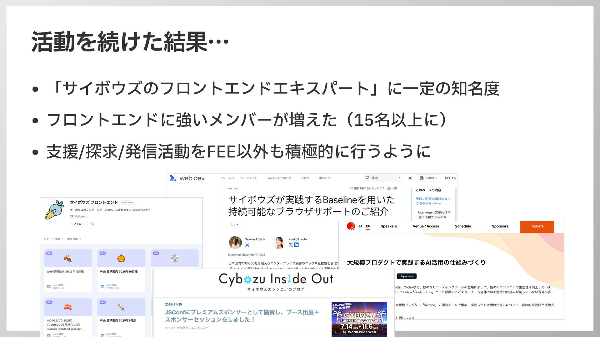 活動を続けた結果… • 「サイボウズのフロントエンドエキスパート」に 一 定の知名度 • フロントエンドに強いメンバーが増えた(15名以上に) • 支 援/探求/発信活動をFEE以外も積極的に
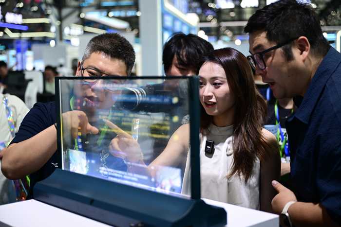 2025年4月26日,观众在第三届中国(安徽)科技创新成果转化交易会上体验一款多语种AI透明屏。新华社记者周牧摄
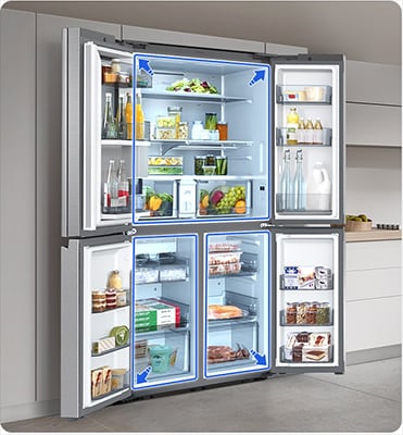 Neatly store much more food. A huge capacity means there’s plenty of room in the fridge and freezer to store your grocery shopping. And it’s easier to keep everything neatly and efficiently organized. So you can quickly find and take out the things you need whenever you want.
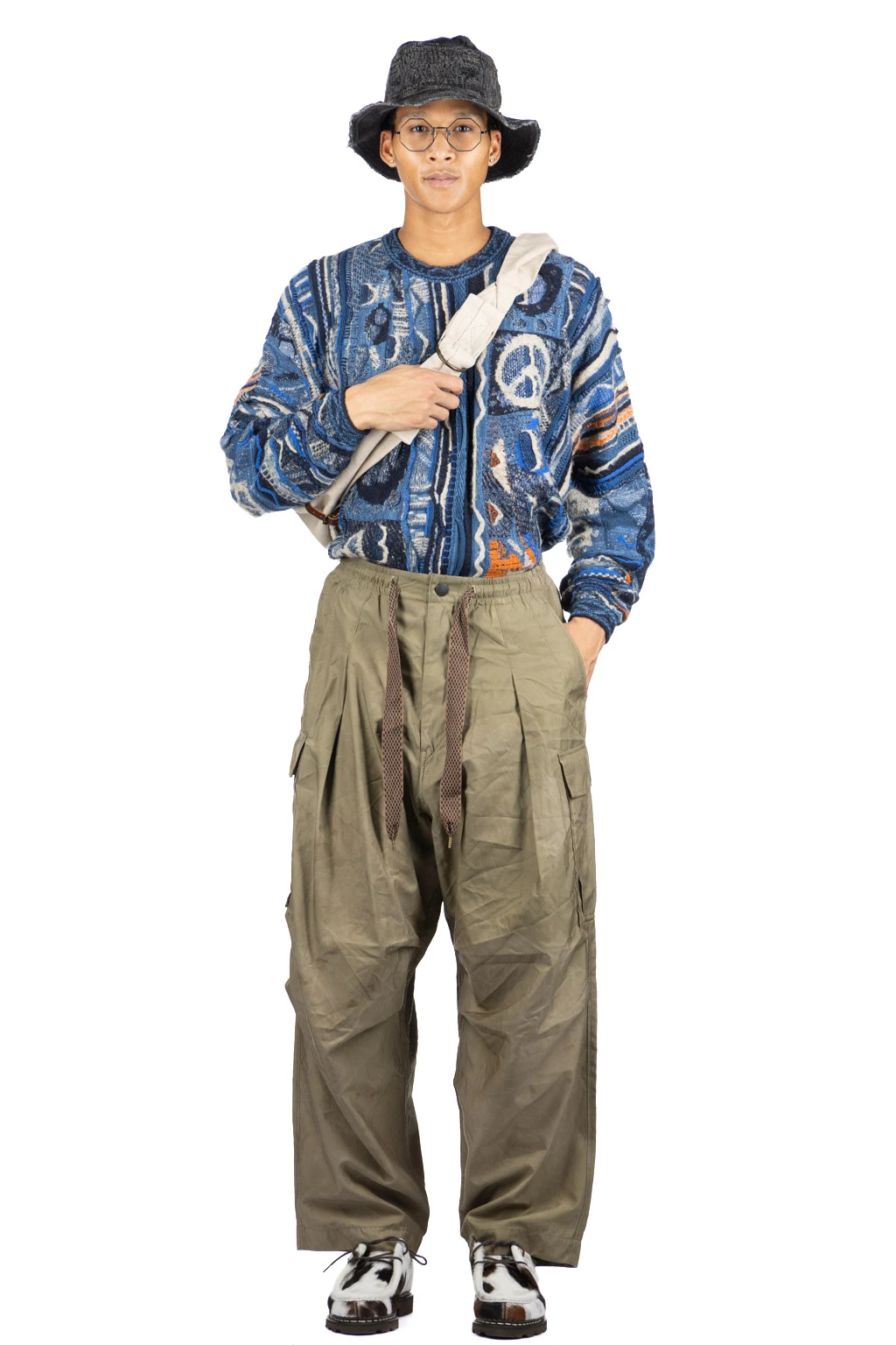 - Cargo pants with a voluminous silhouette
* * * * *
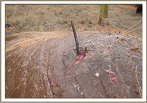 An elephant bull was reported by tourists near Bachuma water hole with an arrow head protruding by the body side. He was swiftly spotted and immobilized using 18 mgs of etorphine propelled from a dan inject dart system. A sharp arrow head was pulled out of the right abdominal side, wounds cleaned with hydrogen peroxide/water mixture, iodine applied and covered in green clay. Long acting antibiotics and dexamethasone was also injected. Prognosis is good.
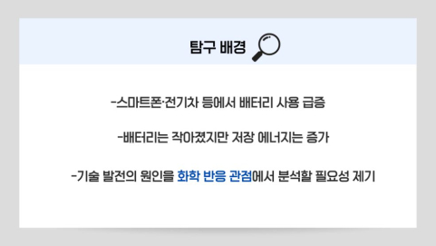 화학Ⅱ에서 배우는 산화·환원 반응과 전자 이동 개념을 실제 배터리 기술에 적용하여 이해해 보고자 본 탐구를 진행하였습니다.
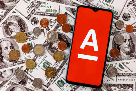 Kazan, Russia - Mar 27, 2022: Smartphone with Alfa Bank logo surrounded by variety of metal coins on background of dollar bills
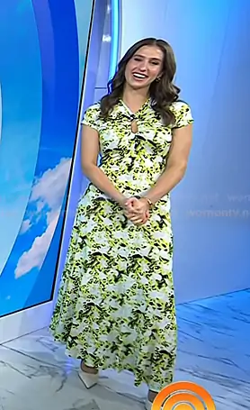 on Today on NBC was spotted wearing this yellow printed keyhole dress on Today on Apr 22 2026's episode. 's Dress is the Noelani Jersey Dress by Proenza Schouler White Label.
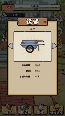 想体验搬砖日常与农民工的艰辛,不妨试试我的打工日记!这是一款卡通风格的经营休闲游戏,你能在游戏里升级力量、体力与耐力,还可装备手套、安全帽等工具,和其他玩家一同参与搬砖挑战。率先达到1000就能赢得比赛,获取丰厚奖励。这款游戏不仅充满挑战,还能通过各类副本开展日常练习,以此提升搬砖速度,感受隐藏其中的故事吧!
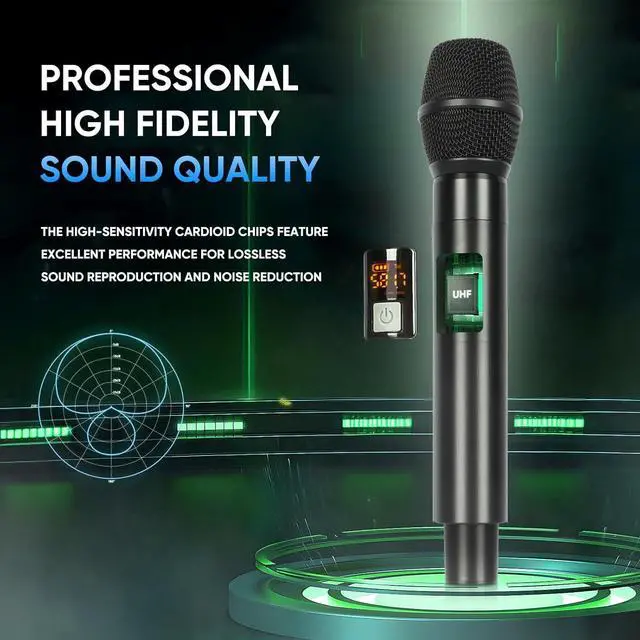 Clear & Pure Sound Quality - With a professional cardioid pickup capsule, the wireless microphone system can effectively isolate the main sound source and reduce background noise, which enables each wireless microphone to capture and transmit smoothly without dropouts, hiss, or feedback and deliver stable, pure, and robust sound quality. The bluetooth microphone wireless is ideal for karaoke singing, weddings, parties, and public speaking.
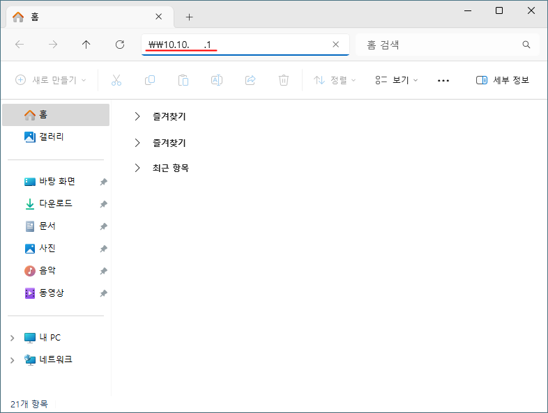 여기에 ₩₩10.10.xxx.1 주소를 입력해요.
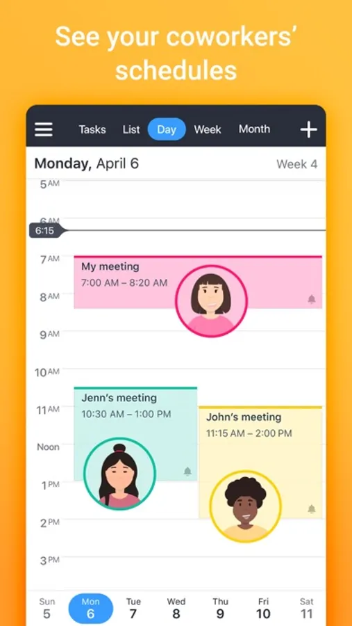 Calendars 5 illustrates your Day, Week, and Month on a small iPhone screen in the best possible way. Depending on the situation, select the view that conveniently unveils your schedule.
* * * * *
### Try it
Nothing but the lines from the one containing "여기에 ₩₩10.10.xxx.1 주소를 입력해요." through the one containing "Calendars 5 illustrates" should appear, copied exactly from the material above and without pictures.

### Solution
 여기에 ₩₩10.10.xxx.1 주소를 입력해요.
 Calendars 5 illustrates your Day, Week, and Month on a small iPhone screen in the best possible way. Depending on the situation, select the view that conveniently unveils your schedule.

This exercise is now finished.